Snapp walked over to our table and whispered something in Chico’s ear.

She told me, “I’ll be right back, Trace.”

McCue rose as she left the table, making me feel self-conscious about my lousy manners. When he sat back down, he said, “She’s not an actress, is she?”

“All women are actresses,” I said.

“But does she make a living at it?”

“No. She’s a detective.”

“What a waste,” he said.

“Tell me something I don’t know,” I said.

Ramona Dedley joined us at the table. She was wearing abbreviated shorts and a tight halter top. She and McCue were getting food when Chico returned.

She looked around as she sat down, and said, “Who’s the bimbo with McCue?”

“Careful. That one’s the shrink,” I said.

“If analysis makes you look like that, I may sign up,” she said.

“You don’t need it.”

McCue made elaborate introductions when they came back to the table, getting Chico’s name right. Ramona did what women almost always do: she took the measure of Chico as possible opposition and decided that Chico won. That was a thing Chico never did: she never measured herself against others. Some might think it was because she was so arrogant she was sure she’d win, but the truth was that she didn’t really care. For certain, I had never met any other woman in my life so quick to compliment another woman on her beauty.

We made small talk until Tony left for the men’s room.

Chico said, “Doctor Dedley…”

“Ramona, please.”

“Okay. Ramona, if Tony took potassium chloride, what would happen?”

“He’d probably die. Why?”

“Just bear with me a moment. How would that happen? Is it because he’s taking digoxin?”

The doctor nodded. “Digoxin slows down the heart rate generally in a patient like Tony. You could say that it lets the chambers fill better and pump better. Now if you took potassium chloride at the same time, the two of them together would probably smother the heart. They could cause cardiac arrest.”

“Is it easy to detect?” Chico asked.

Ramona shook her head. “A good forensic man could find it if he were looking for it. But chances are it would just slide by undetected. I have to ask you why?”

“Yeah. Why?” I said.

“I think those pills that Trace took out of Tony’s room might have potassium chloride in them,” Chico said.

“Oh, my God.” Ramona shrugged her shoulders in irritation. “I haven’t even had them analyzed yet.”

“I’ve got a lab technician available,” Chico said. She looked at me. “A friend of the sheriffs. He’ll test them out for us right away.”

“I’m going to my room and get them,” Ramona said.

As she stood to leave, Pamela Scott entered the room, wearing the same black dress and sunglasses. Biff Birnbaum met her and walked with her to his table. She nodded at me as she walked by, and I saw Chico staring at the two of them.

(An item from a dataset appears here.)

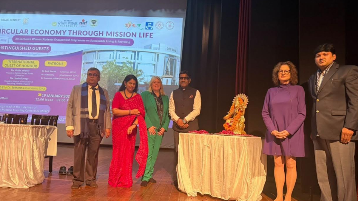 इस कार्यक्रम के दौरान पर्यावरण संरक्षण,अपशिष्ट प्रबंधन और सर्कुलर इकोनॉमी की भूमिका पर विस्तार से चर्चा की गई। तस्वीर में एमआरएआई के अध्यक्ष संजय मेहता और रोबिल वीनर आरईएम्ए की अध्यक्ष सहित सुरेश ज्ञान विहार विश्वविद्यालय और मिशन लाइफ के गणमान्य अतिथि उपस्थित थे।

“Mrs. Scott,” I explained to her.

“Good,” Chico said. She stood up and said, “I’ll be right back.” She grabbed her big purse from under her seat and walked quickly from the room. She was back in less than two minutes, with a quiet smile on her face.

“You look like you swallowed the canary,” I said.

“Better than that,” she said. She opened her purse on her lap and pointed inside. I looked.

“That looks like an ice-cube tray,” I said.

“It is,” she said.

“You’re reduced now to carrying around your own ice-cube trays?” I said.

“Don’t be a dork,” she said. “It’s not my ice-cube tray. For God’s sakes, I’m staying with a man who doesn’t even rate a refrigerator in his room. The shame of it all.”

“Whose is it?”

“It came from Mrs. Scott’s room,” Chico said, and winked at me.

Ramona came back and handed Chico a small paper bag, which she dropped into the maw of her purse.

“All the drugs are labeled,” Ramona said.

“Good.” Chico said. “I’m going to give these to Clyde. He’ll have one of his guards run them up to the hospital lab.”

“The ice-cube tray too?” I said.

“Of course,” she said. “That’s the most important thing of all.”